Task item:
Where the records below show a line containing "Wild Alaskan Salmon", start copying; end with the line containing "IBM Maximo desde", and copy it too.

Information shown:
'''

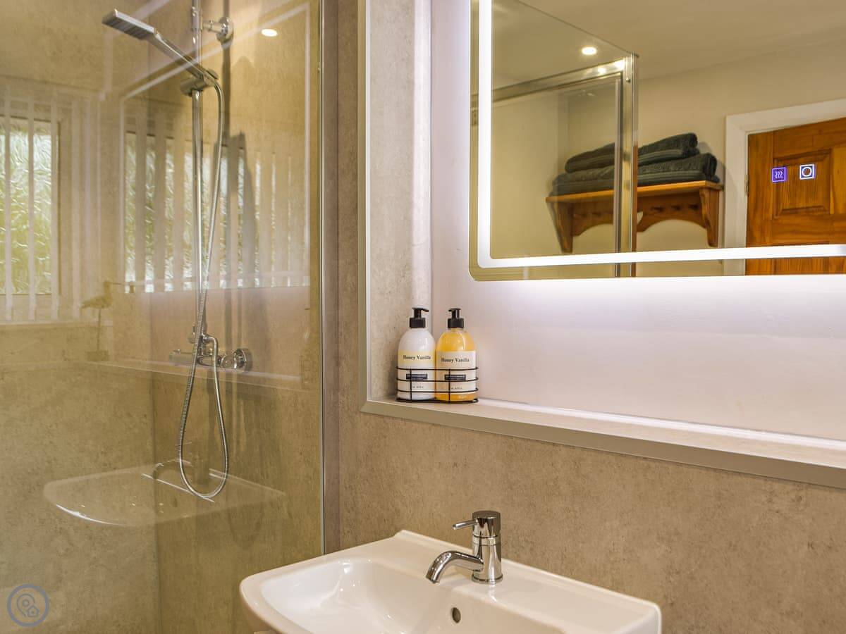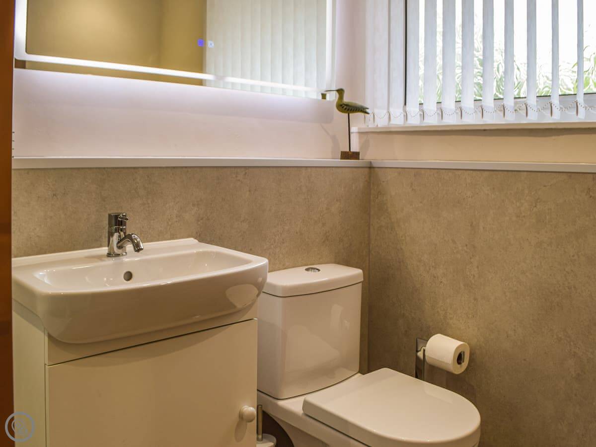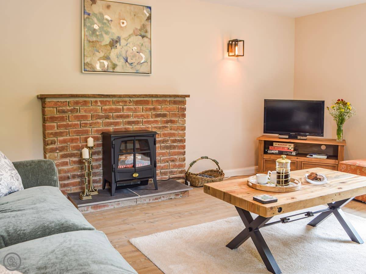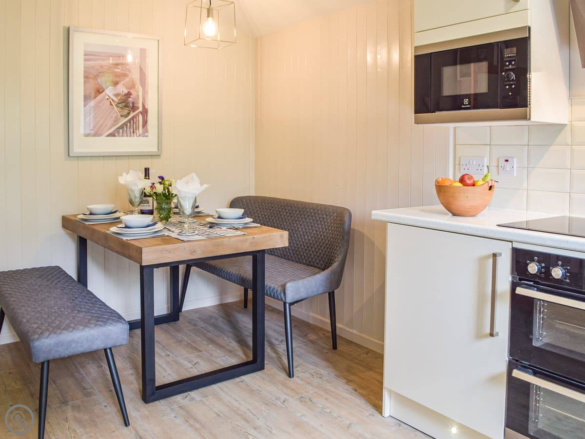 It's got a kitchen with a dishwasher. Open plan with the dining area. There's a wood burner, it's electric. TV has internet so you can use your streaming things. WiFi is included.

'''
'''

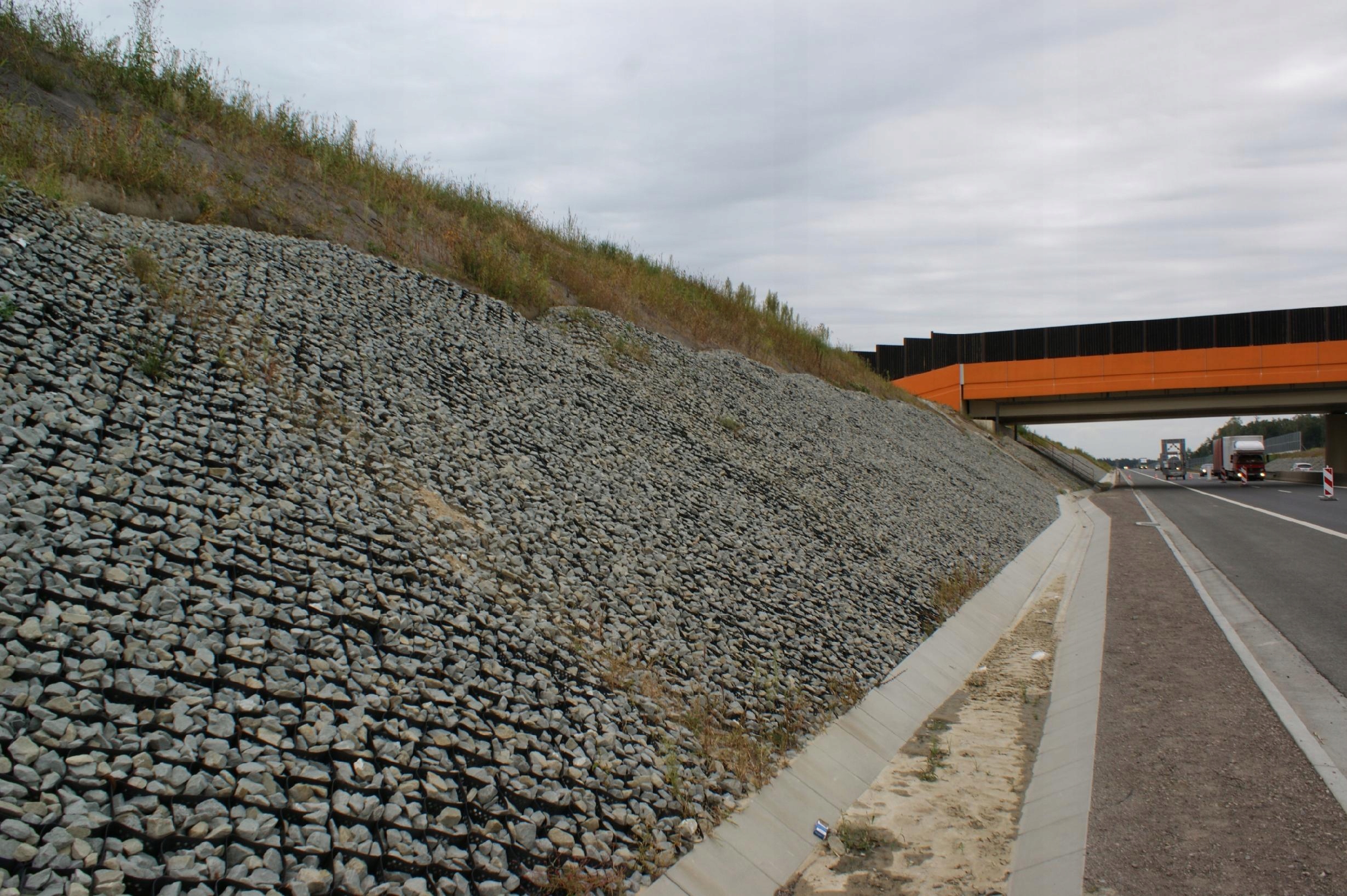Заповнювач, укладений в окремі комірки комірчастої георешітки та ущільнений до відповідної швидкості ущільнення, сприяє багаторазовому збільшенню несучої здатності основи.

'''
'''

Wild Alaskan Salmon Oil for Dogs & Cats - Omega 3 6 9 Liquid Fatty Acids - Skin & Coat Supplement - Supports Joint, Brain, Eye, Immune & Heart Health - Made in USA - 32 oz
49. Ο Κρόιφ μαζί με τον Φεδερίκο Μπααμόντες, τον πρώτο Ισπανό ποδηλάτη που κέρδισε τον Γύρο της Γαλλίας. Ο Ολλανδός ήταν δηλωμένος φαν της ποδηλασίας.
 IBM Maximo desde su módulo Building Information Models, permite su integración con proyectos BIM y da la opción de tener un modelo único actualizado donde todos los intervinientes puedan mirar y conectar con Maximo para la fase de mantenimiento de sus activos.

'''

Answer below:
Wild Alaskan Salmon Oil for Dogs & Cats - Omega 3 6 9 Liquid Fatty Acids - Skin & Coat Supplement - Supports Joint, Brain, Eye, Immune & Heart Health - Made in USA - 32 oz
49. Ο Κρόιφ μαζί με τον Φεδερίκο Μπααμόντες, τον πρώτο Ισπανό ποδηλάτη που κέρδισε τον Γύρο της Γαλλίας. Ο Ολλανδός ήταν δηλωμένος φαν της ποδηλασίας.
 IBM Maximo desde su módulo Building Information Models, permite su integración con proyectos BIM y da la opción de tener un modelo único actualizado donde todos los intervinientes puedan mirar y conectar con Maximo para la fase de mantenimiento de sus activos.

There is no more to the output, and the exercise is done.